■ ACTIVITY ■
Look below for the line that contains "Maricunga en la" and the line that contains "Amikor most a", then restate both of them and every line in between, exactly. No picture goes in the copy.
+ + +
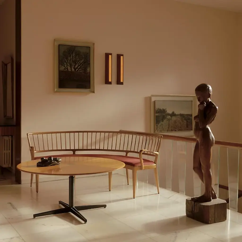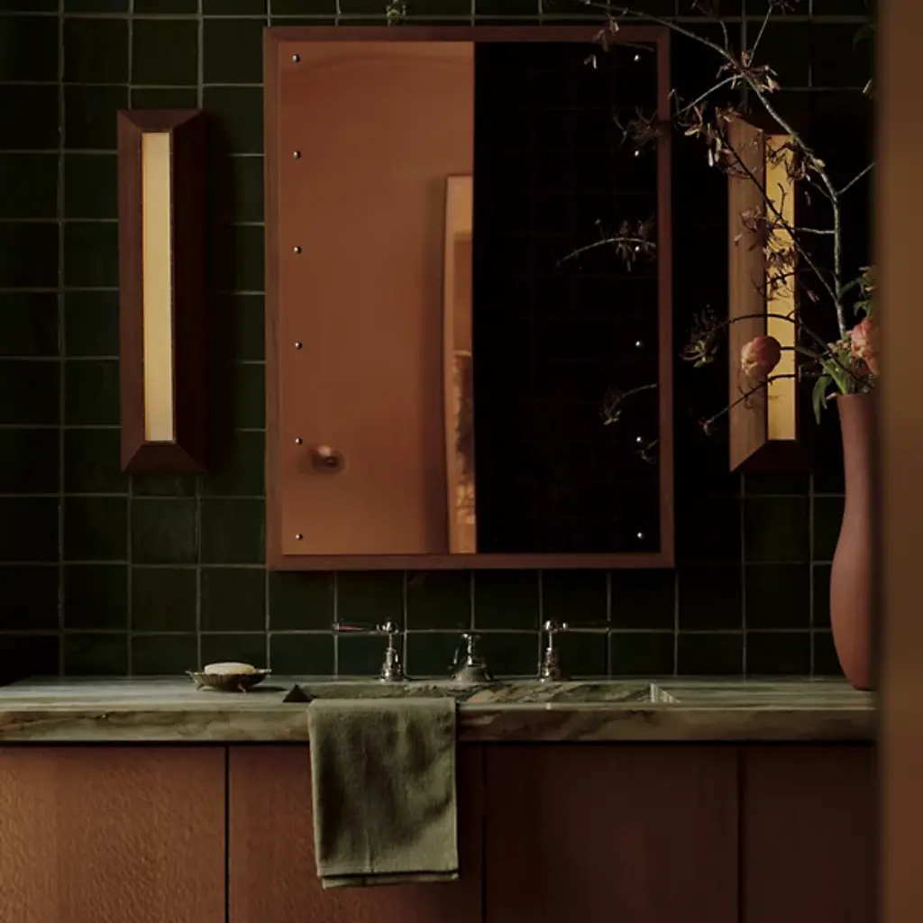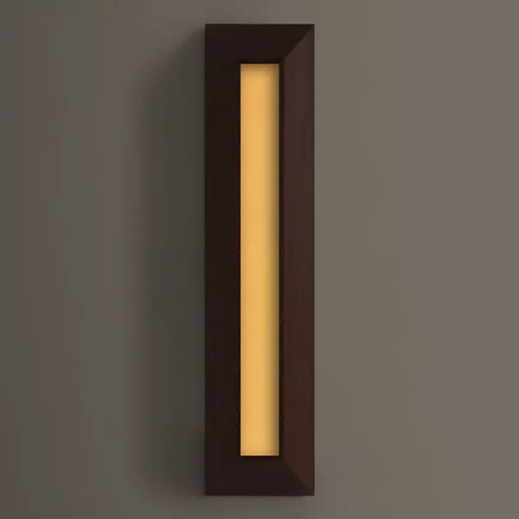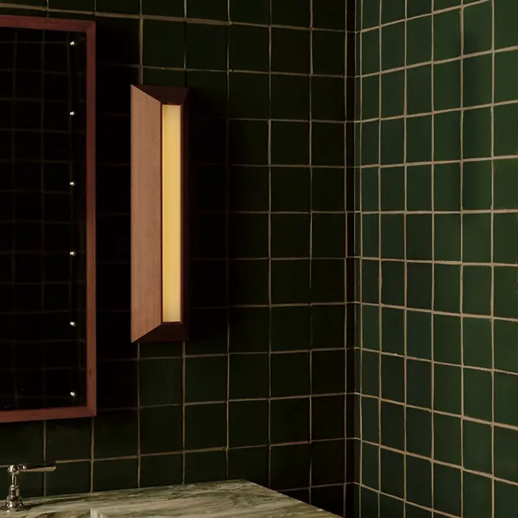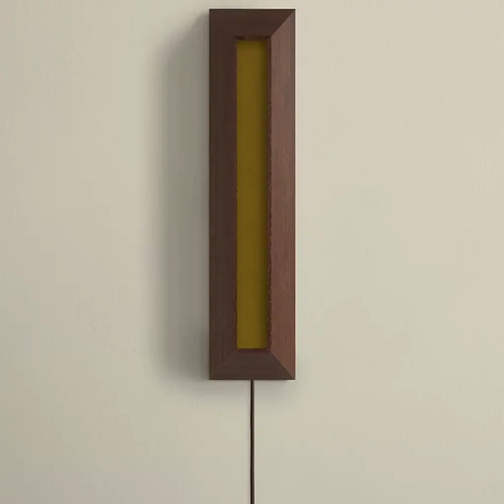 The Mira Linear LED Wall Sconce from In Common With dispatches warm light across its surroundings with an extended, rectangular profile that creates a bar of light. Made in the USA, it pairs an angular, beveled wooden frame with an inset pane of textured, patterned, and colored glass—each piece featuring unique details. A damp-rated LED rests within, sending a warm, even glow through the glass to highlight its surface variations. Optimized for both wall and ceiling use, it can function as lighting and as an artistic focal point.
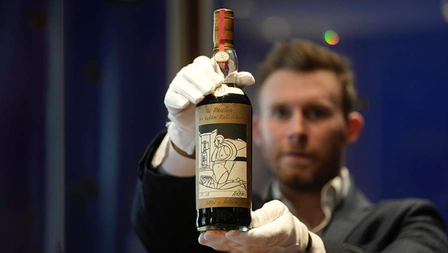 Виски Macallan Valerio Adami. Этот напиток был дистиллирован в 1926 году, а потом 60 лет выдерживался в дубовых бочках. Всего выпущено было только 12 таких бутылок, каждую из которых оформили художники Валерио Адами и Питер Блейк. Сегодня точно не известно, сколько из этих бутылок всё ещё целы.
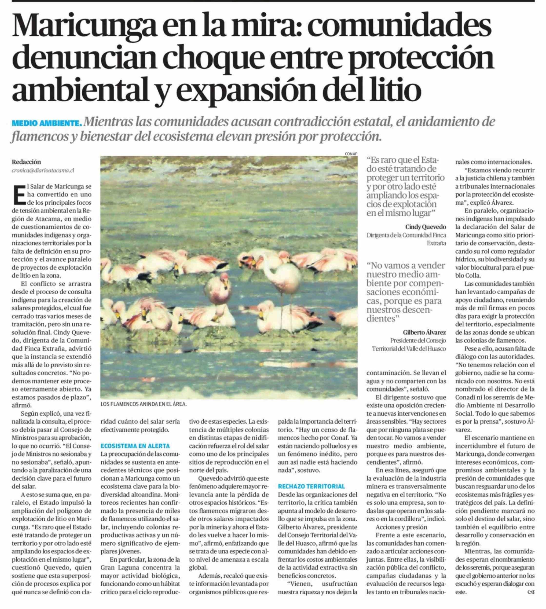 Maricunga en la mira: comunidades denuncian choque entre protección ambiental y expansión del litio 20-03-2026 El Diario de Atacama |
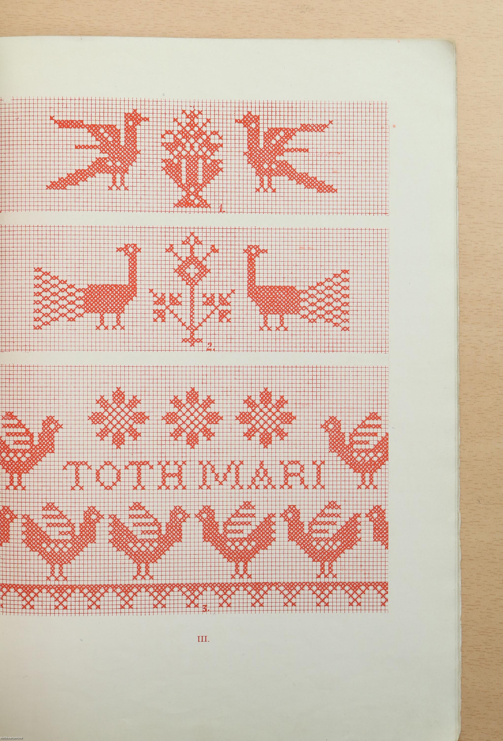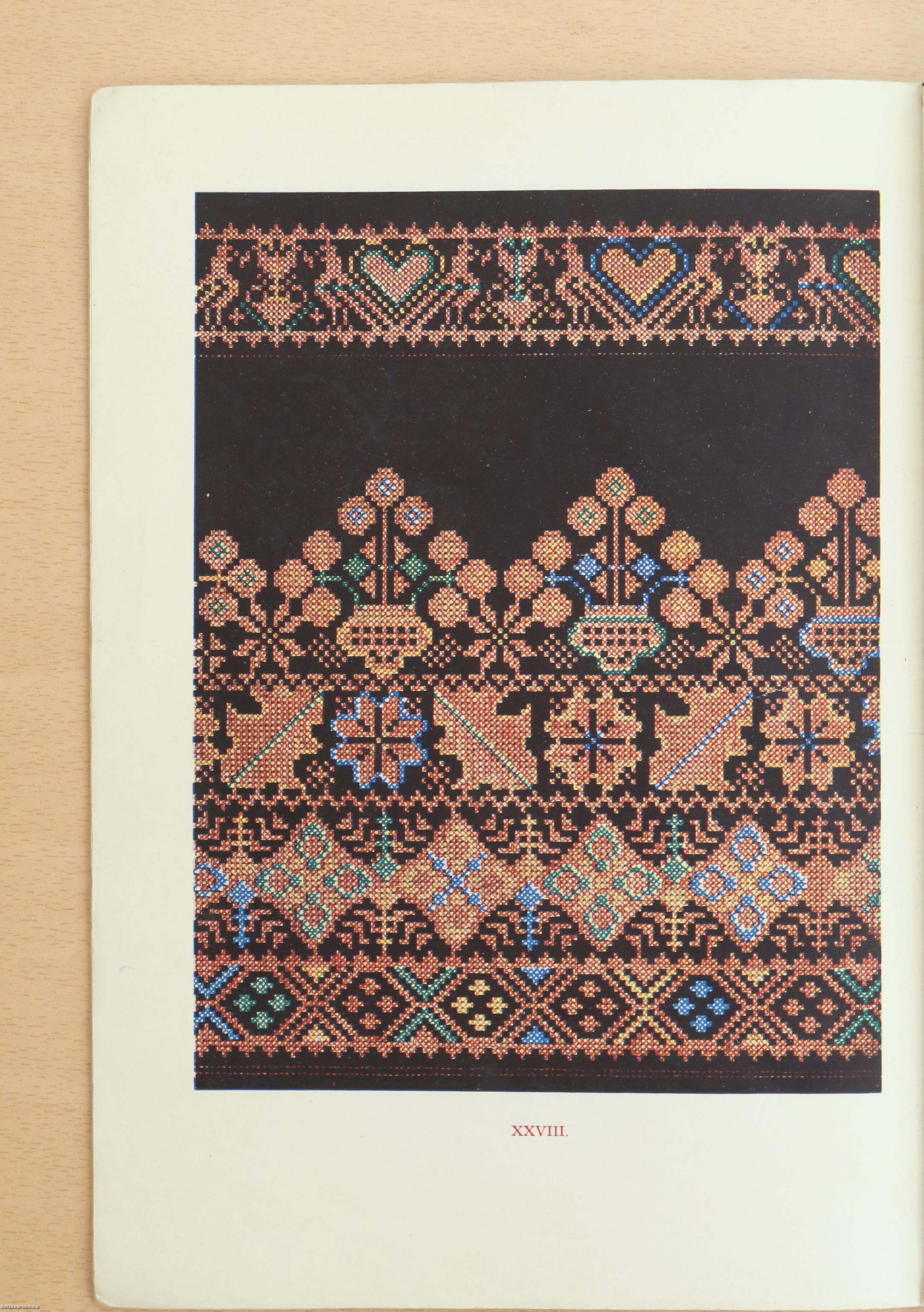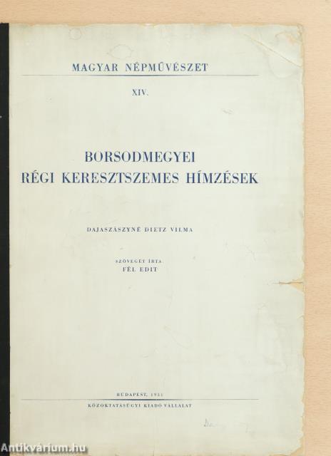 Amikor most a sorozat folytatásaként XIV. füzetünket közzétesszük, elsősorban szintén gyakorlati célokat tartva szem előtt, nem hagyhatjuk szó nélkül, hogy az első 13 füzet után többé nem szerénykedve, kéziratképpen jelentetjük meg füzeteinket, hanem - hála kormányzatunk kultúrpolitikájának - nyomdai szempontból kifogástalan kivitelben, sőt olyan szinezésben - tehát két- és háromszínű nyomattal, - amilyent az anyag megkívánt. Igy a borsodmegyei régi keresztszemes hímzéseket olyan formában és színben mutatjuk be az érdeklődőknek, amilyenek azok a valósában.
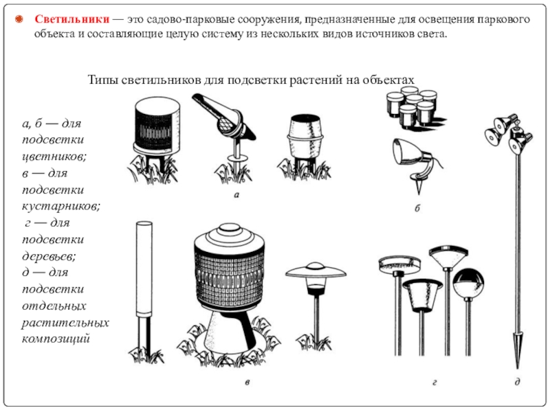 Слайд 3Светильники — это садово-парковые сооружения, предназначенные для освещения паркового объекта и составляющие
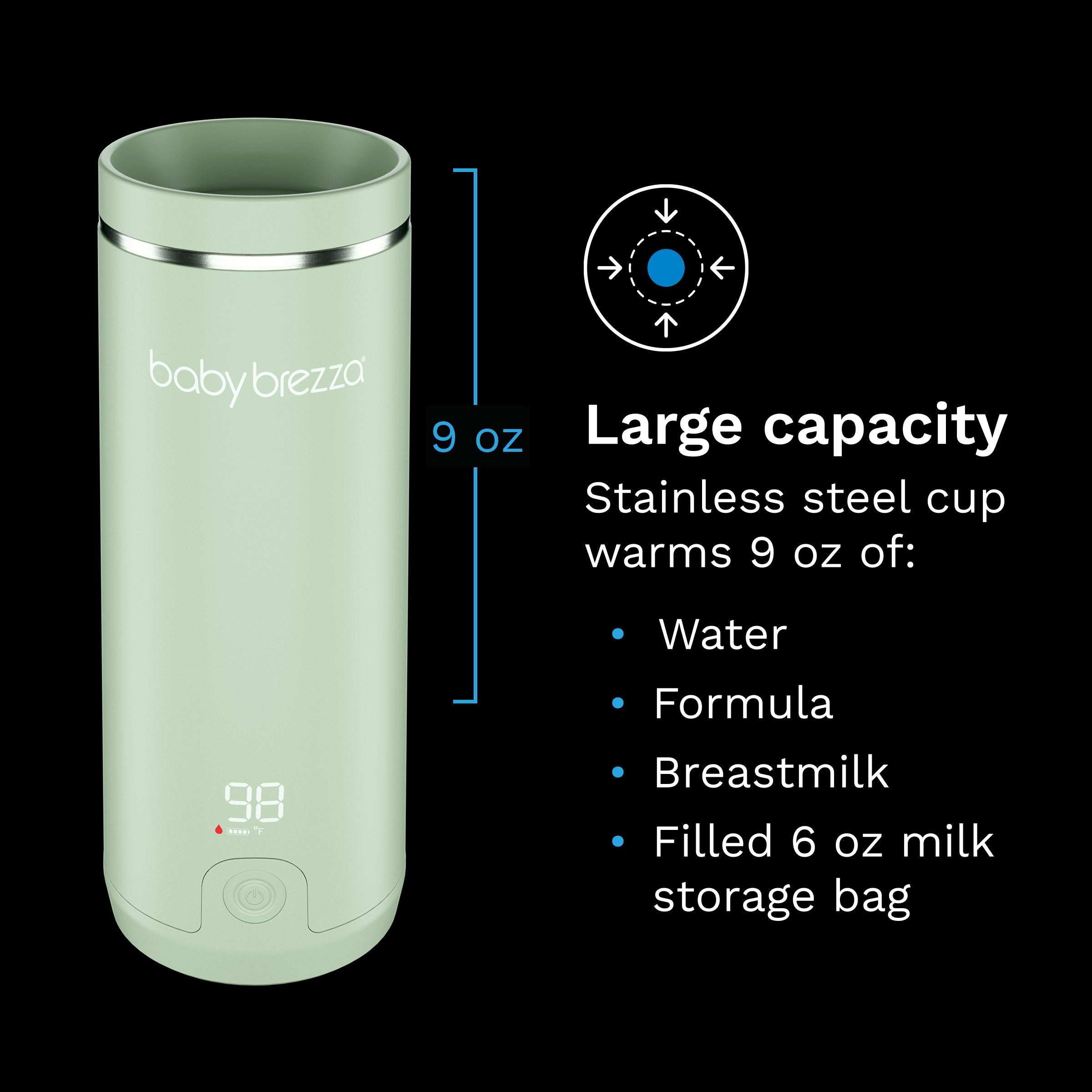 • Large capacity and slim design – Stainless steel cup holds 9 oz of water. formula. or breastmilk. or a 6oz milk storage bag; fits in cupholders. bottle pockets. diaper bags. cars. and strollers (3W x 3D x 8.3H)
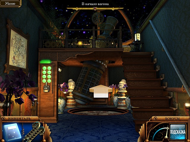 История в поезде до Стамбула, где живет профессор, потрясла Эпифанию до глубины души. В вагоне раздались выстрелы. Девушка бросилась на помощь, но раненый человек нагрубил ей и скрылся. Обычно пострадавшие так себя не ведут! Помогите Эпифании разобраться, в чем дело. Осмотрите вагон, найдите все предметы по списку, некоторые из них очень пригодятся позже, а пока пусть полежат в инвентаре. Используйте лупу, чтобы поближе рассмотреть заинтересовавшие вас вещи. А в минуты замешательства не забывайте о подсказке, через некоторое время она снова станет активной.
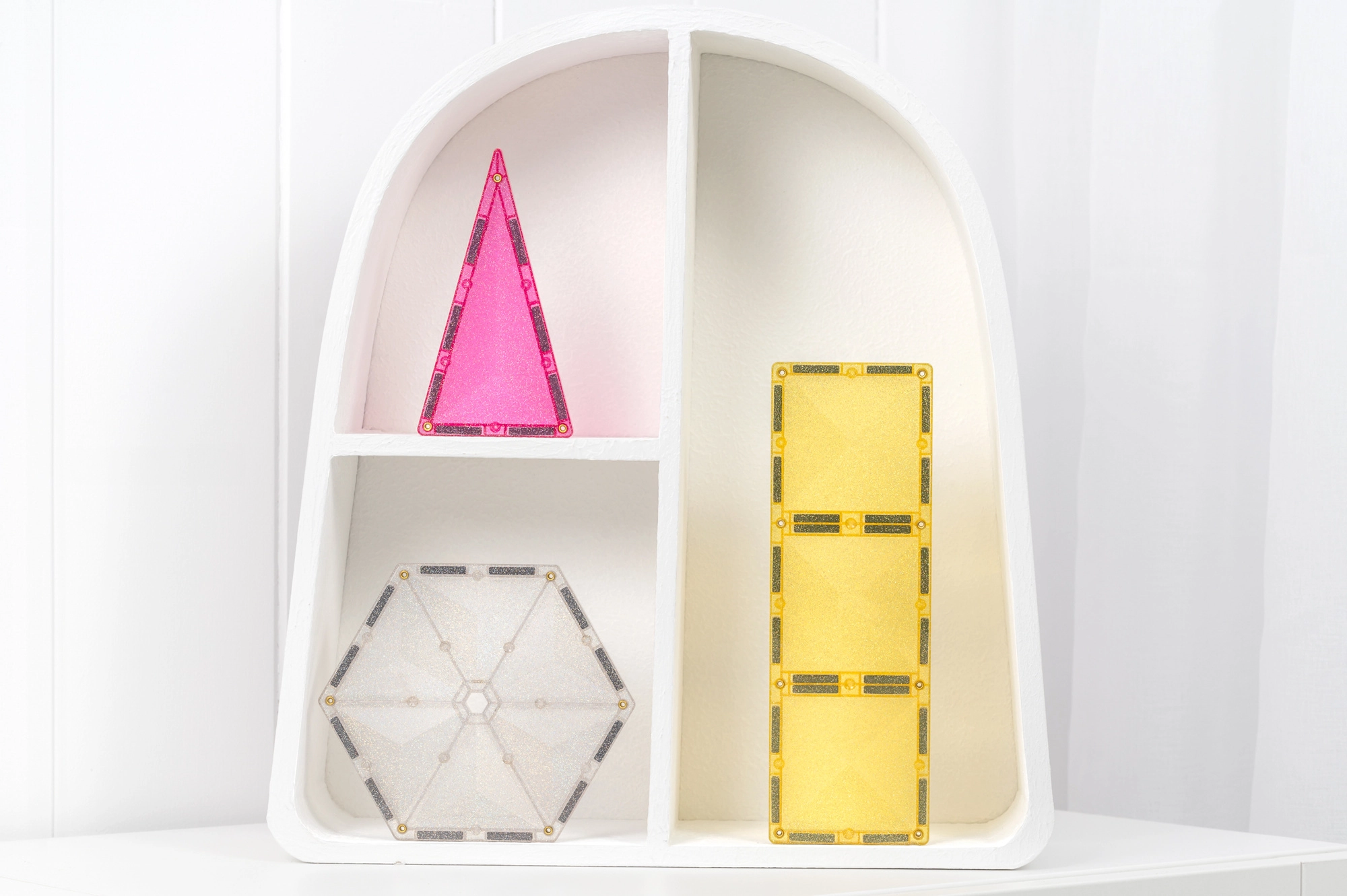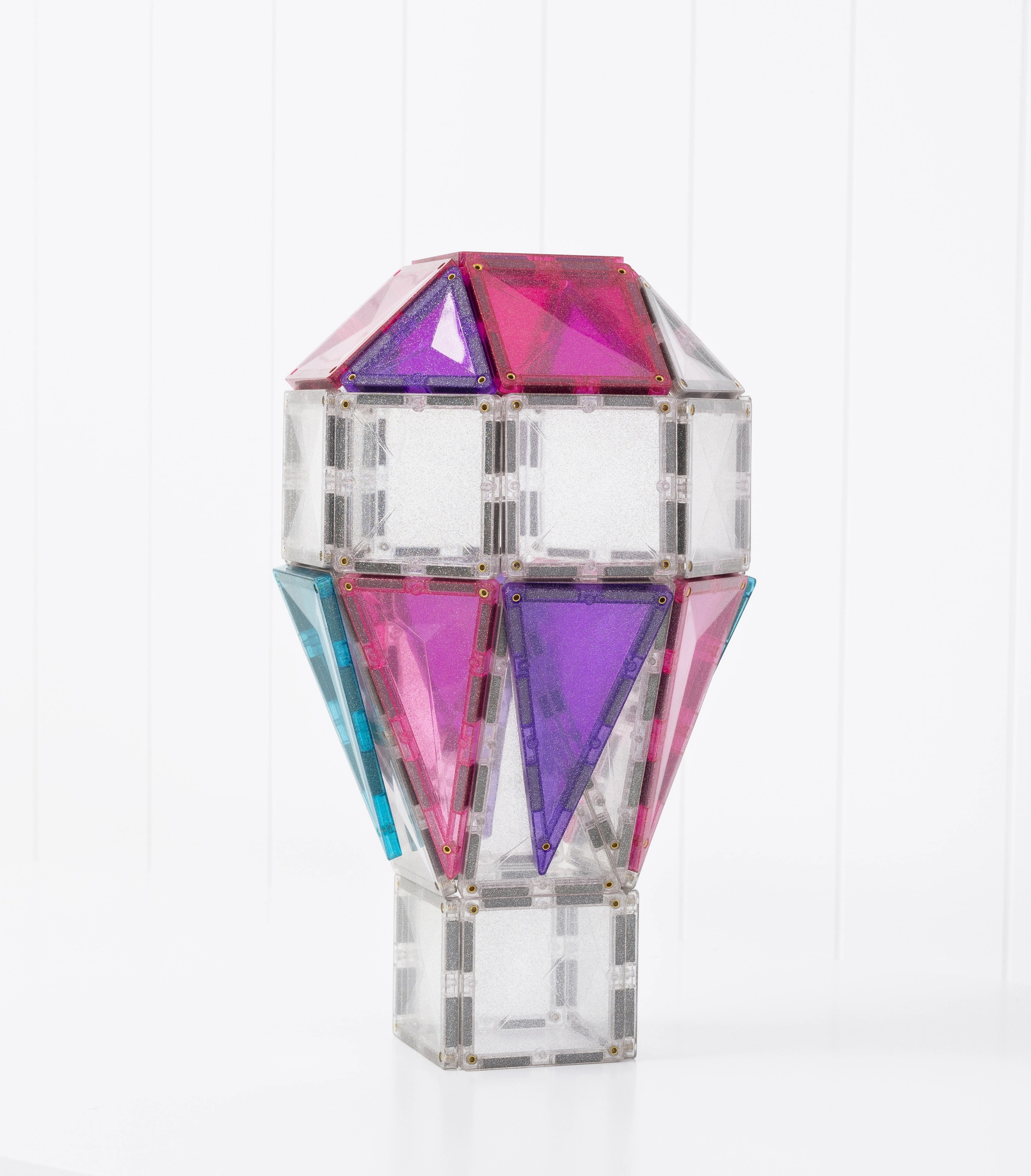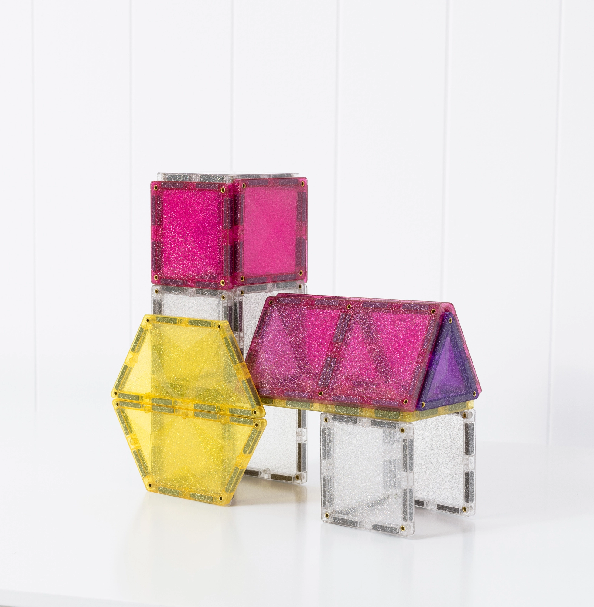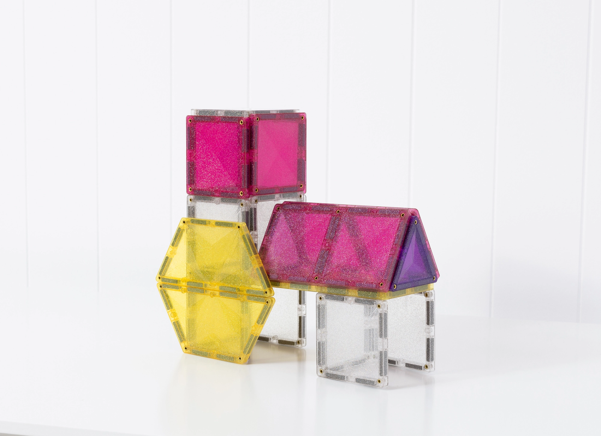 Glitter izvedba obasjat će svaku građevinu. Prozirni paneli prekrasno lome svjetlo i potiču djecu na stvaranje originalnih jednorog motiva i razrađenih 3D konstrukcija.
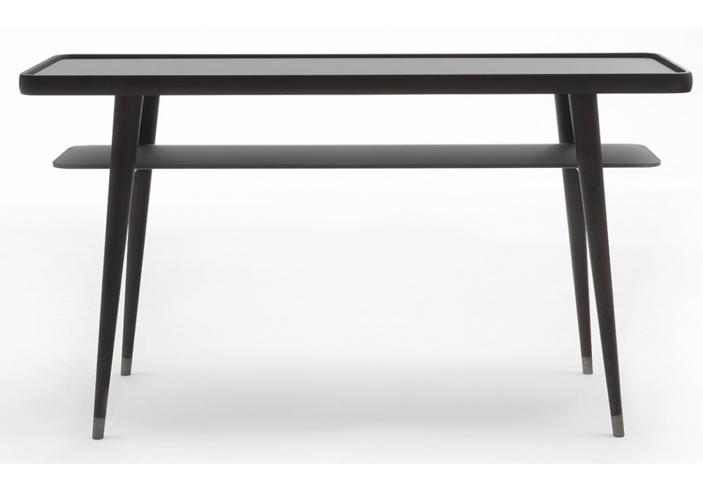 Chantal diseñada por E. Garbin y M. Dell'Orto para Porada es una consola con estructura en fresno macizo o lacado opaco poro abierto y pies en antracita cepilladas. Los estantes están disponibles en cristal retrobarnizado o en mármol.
+ + +
■ EXERCISE SOLUTION ■
 Maricunga en la mira: comunidades denuncian choque entre protección ambiental y expansión del litio 20-03-2026 El Diario de Atacama |
 Amikor most a sorozat folytatásaként XIV. füzetünket közzétesszük, elsősorban szintén gyakorlati célokat tartva szem előtt, nem hagyhatjuk szó nélkül, hogy az első 13 füzet után többé nem szerénykedve, kéziratképpen jelentetjük meg füzeteinket, hanem - hála kormányzatunk kultúrpolitikájának - nyomdai szempontból kifogástalan kivitelben, sőt olyan szinezésben - tehát két- és háromszínű nyomattal, - amilyent az anyag megkívánt. Igy a borsodmegyei régi keresztszemes hímzéseket olyan formában és színben mutatjuk be az érdeklődőknek, amilyenek azok a valósában.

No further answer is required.